Question

Initial voltage on capacitor VO as marked |VO| = 5 V, VS = 8 u (t), where u (t) is the unit step. The voltage marked V at t=0^+ is _____________ (a) 1 V (b) -1 V (c) \frac{13}{3} V (d) –\frac{13}{3} V This question was posed to me during an online exam.
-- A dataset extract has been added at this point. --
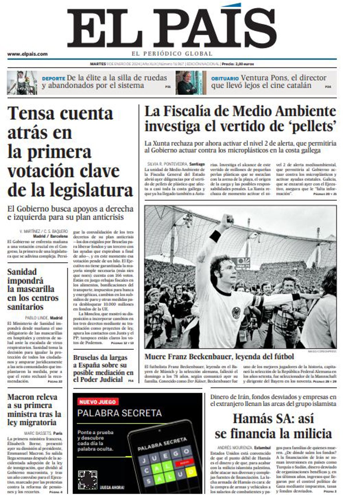 EL PAÍS: "Tensa cuenta atrás en la primera votación clave de la legislatura"; "La Fiscalía de Medio Ambiente investiga el vertido de 'pellets'"; "Sanidad impondrá la mascarilla en los centros sanitarios"; "Macron releva a su primera ministra tras la ley migratoria"; "Hamás SA: así se financia la milicia".

My question comes from Dot Convention in Magnetically Coupled Circuits in chapter Resonance & Magnetically Coupled Circuit of Network Theory Select the correct answer from above options network theory questions and answers, network theory questions pdf, network theory question bank, network theory gate questions and answers pdf, mcq on network theory pdf, gate network theory questions and solutions, network theory mcq Test , ies network theory questions, Network theory Questions for GATE EC Exam, Network Theory MCQ (Multiple Choice Questions)

Answer 1

Correct option is (c) \frac{13}{3} V Easiest explanation: Applying voltage divider method, we get, I = \frac{V}{R_{EQ}} = \frac{8}{1+1||1} = \frac{8}{1+\frac{1}{2}} = \frac{16}{3} A I1 = \frac{16}{3} × \frac{1}{2} = \frac{8}{3} A And I’_2 = \frac{V}{R_{EQ}} = \frac{5}{1+1||1} = \frac{5}{1+\frac{1}{2}} = \frac{10}{3} A Now, I’_1 = I’_2 × \frac{1}{1+1} = \frac{10}{3} × \frac{1}{2} = \frac{5}{3} A Hence, the net current in 1Ω resistance = I1 + I’_1 = \frac{8}{3} + \frac{5}{3} = \frac{13}{3} A ∴ Voltage drop across 1Ω = \frac{13}{3} × 1 = \frac{13}{3} V.